═══ DATA EXTRACTS ═══
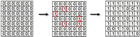 · Если клетка находится в состоянии 0, то её новое состояние берётся из ячейки слева от неё. В противном случае, её состояние берётся из ячейки справа от неё.
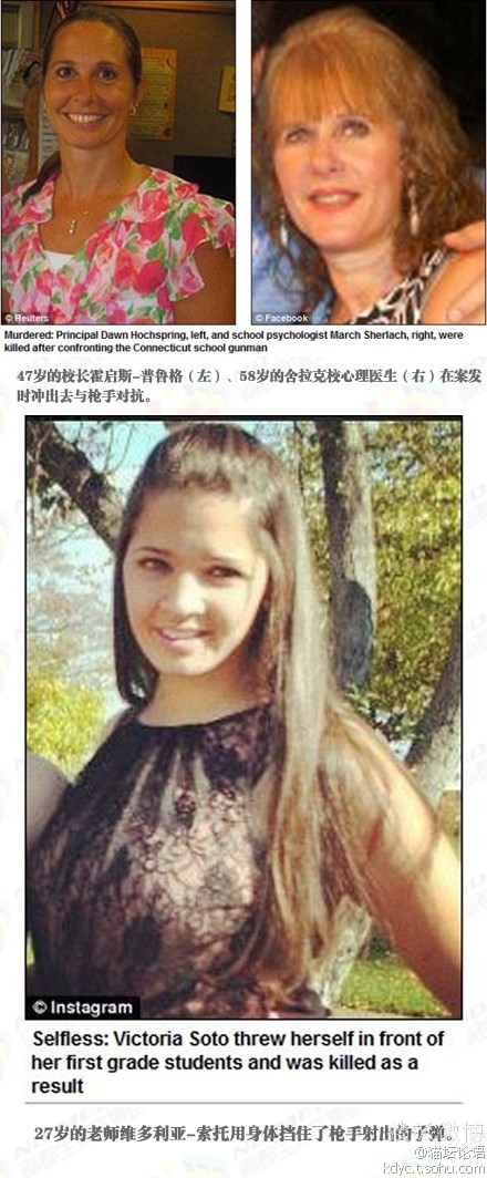 英国每日邮报报道,在美国康州小学枪击案中,有3位女老师展现出了人性光辉。27岁的维多利亚-索托用身体挡住枪手射出的子弹,拯救了学生。47岁校长霍启斯-普鲁格、58岁心理医生舍拉克校冲出去与枪手对抗,双双献出了生命。@微天下
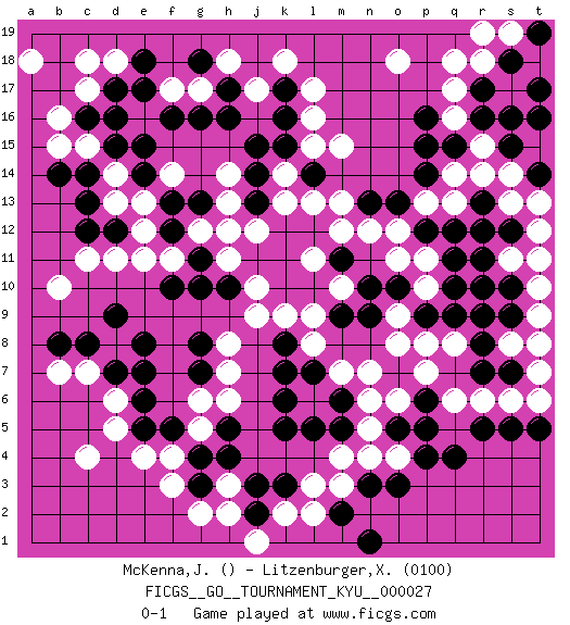 Last move : 0-1 2007 April 3 17:34:38 [Event "FICGS__GO__TOURNAMENT_KYU__000027"] [Site "FICGS"] [Date "2007.03.22"] [Round "1"] [Black "McKenna,James"] [White "Litzenburger,Xavier"] [Result "0-1"] [Rating 2 "0100"] 1.q4 c4 2.r10 q16 3.r17 q17 4.r16 r15 5.s15 s14 6.t16 q14 7.d16 r18 8.s18 s17 9.s16 s19 10.t17 q18 11.t14 s13 12.s12 t13 13.r13 r14 14.q12 r6 15.r5 q6 16.p4 q8 17.t19 r19 18.k3 l17 19.h17 o6 20.k5 n4 21.n3 o4 22.o3 f3 23.g3 f4 24.g4 f17 25.f16 c17 26.d17 d18 27.e18 c18 28.c14 b15 29.b14 c15 30.c16 b16 31.d15 a18 32.k16 d8 33.g7 c11 34.c12 p10 35.r8 d11 36.d12 l6 37.k6 l8 38.k8 l9 39.k11 g17 40.g16 h18 41.e17 j17 42.h16 g12 43.g11 f11 44.f12 e12 45.f13 e13 46.e14 h11 47.g10 j12 48.g13 h12 49.h10 k14 50.j13 k13 51.k12 h13 52.j14 h14 53.j15 f14 54.j11 m15 55.l14 l15 56.k15 l13 57.k17 k18 58.g18 s6 59.s5 t9 60.q9 p8 61.p9 o9 62.q10 k9 63.l7 m7 64.k7 j10 65.k10 j9 66.f10 e11 67.l12 m13 68.m6 n7 69.o10 m12 70.n9 o8 71.r9 p11 72.m11 l11 73.l10 m10 74.m9 l11 75.n10 o12 76.e7 d6 77.d7 c7 78.f5 d5 79.e5 e4 80.e6 m4 81.l5 m3 82.m2 l2 83.n1 l3 84.p12 o11 85.q11 s11 86.s10 t12 87.r12 t10 88.t8 s8 89.s7 t7 90.r7 p13 91.o13 n12 92.n13 d13 93.c13 d14 94.e15 l16 95.p14 q13 96.p15 g2 97.q15 t11 98.p16 o18 99.t5 t6 100.s9 t8 101.o5 k2 102.j3 n5 103.p5 n6 104.p6 p7 105.r11 h8 106.g8 h3 107.h4 h2 108.m5 h7 109.j2 j1 110.c8 h6 111.h5 g6 112.d9 g5 113.e8 b7 114.b8 b10 0-1 Comment by player 1 : James McKenna : i know its easy win for you im not stupid Comment by player 2 : Xavier Litzenburger : easy win for me =) Here are the names of the openings (joseki) played in the four corners : Corner q16 : q16 r17 Hoshi (Hwajeom, Seongjeom, Xingwei`) 4-4 Point. The star or hoshi (4-4) point, emphasizing influence at the potential expense of territory. Corner q4 : q4 r6 Hoshi (Hwajeom, Seongjeom, Xingwei`) 4-4 Point. The star or hoshi (4-4) point, emphasizing influence at the potential expense of territory. Ikken Kakari (Hankan Keolch'im, Yi Gua`jiao~, 1-Space Low Approach). White 2 is the standard approach move to the 4-4. Player White won this Go (weiqi, baduk) game. Follow this game move after move (download)Grab the border points between two moyos. (Anonymous) It's not enough to succeed. Others must fail. (Gore Vidal)
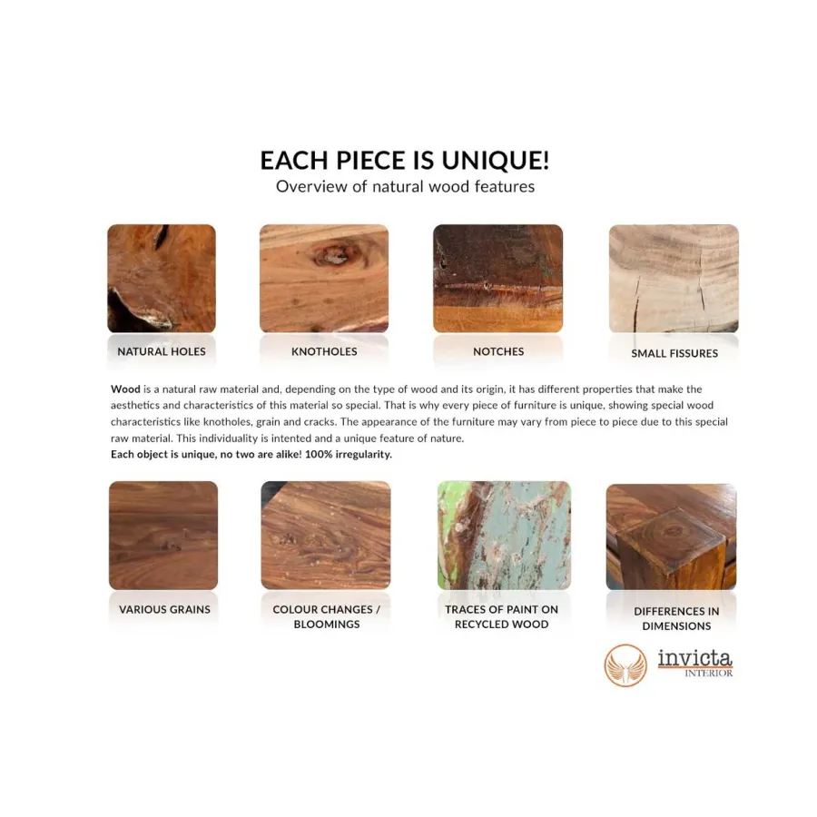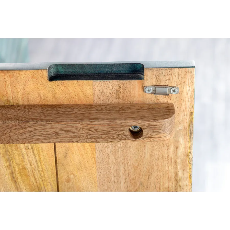 Ale nie tylko wygląd komody inspiruje od pierwszej chwili. Wnętrze też jest obiecujące. Za misternie zaprojektowanymi drzwiami znajdują się cztery duże przegrody o wyglądzie naturalnego drewna mango. Dużo miejsca do przechowywania naczyń, książek lub szklanek poza zasięgiem wzroku.
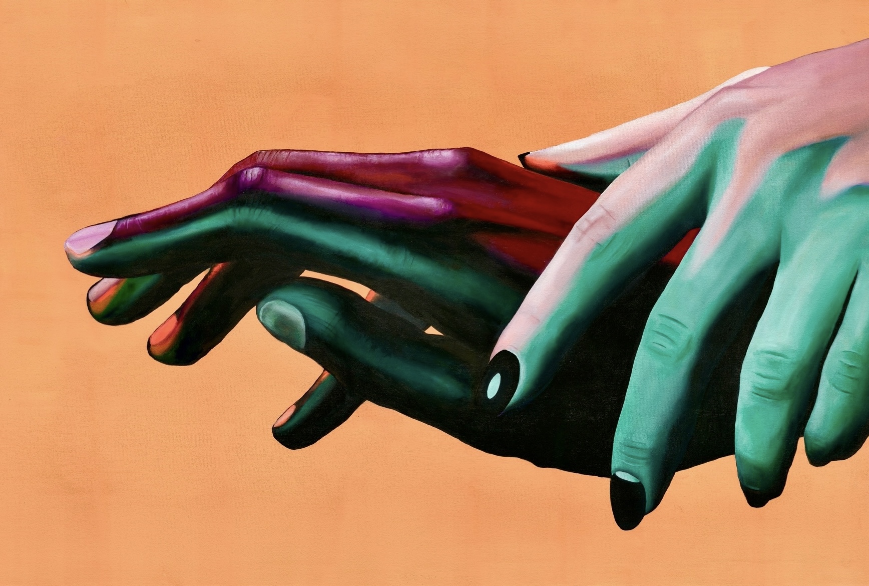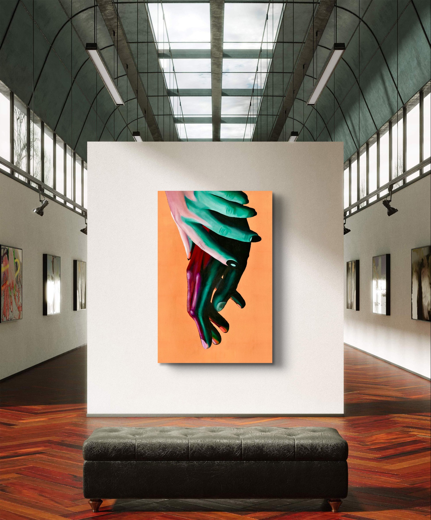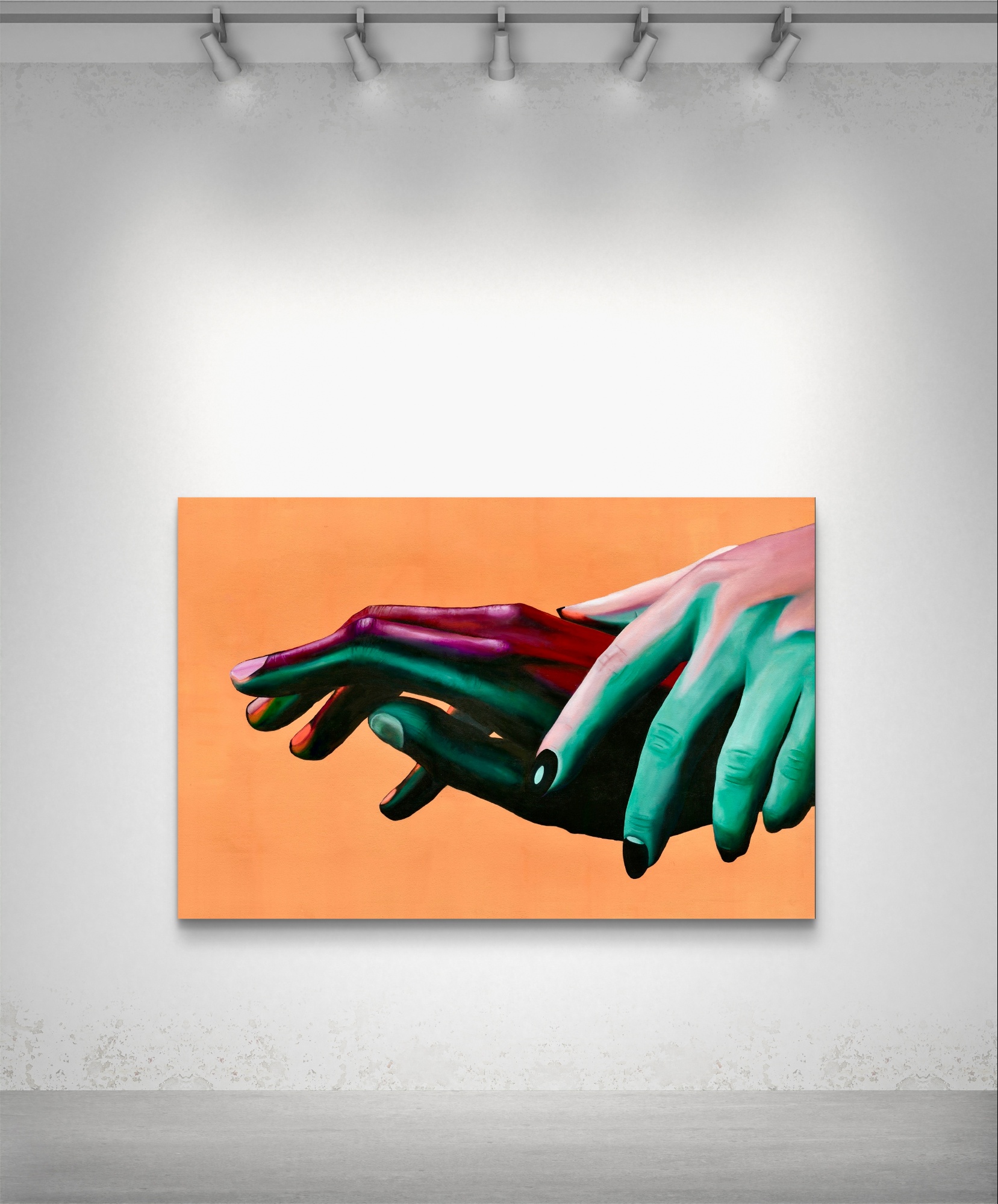 Na obrazie widać splecione dłonie, które podkreślają delikatność i subtelność ludzkiego kontaktu. Ręce są w zielonkawej tonacji, co nadaje im nieco surrealistycznego wyglądu. Tło jest pomarańczowe, kontrastując z chłodnymi odcieniami dłoni i nadając im wyrazistości. Kompozycja jest prosta, ale wciągająca, przyciągająca wzrok i skłaniająca do refleksji. Ciepły nastrój tła w połączeniu z chłodnymi rękoma tworzy swoisty balans, emanując emocją spokoju i harmonii. Artysta zastosował technikę malarską, która przypomina nieco fotorealizm, jednak z nutą abstrakcji przez użycie nietypowych kolorów. Znaczenie obrazu jest otwarte na interpretację – to może być symbol miłości, przyjaźni lub połączenia w trudnych chwilach. Dzieciak mógłby powiedzieć: to wygląda jak dłonie przyjaciół. Obraz jest magiczny – coś jakby z "Alice in Wonderland". Całość przywołuje uczucia nostalgii i poczucia jedności, a jednocześnie dziwną tęsknotę za czymś nieuchwytnym.
═══
• **EXERCISE DIRECTIONS**: Copy nothing but the lines from the top of the data down to the line containing "英国每日邮报报道,在美国康州", and leave the pictures out.

• **YOUR RESPONSE**:
 · Если клетка находится в состоянии 0, то её новое состояние берётся из ячейки слева от неё. В противном случае, её состояние берётся из ячейки справа от неё.
 英国每日邮报报道,在美国康州小学枪击案中,有3位女老师展现出了人性光辉。27岁的维多利亚-索托用身体挡住枪手射出的子弹,拯救了学生。47岁校长霍启斯-普鲁格、58岁心理医生舍拉克校冲出去与枪手对抗,双双献出了生命。@微天下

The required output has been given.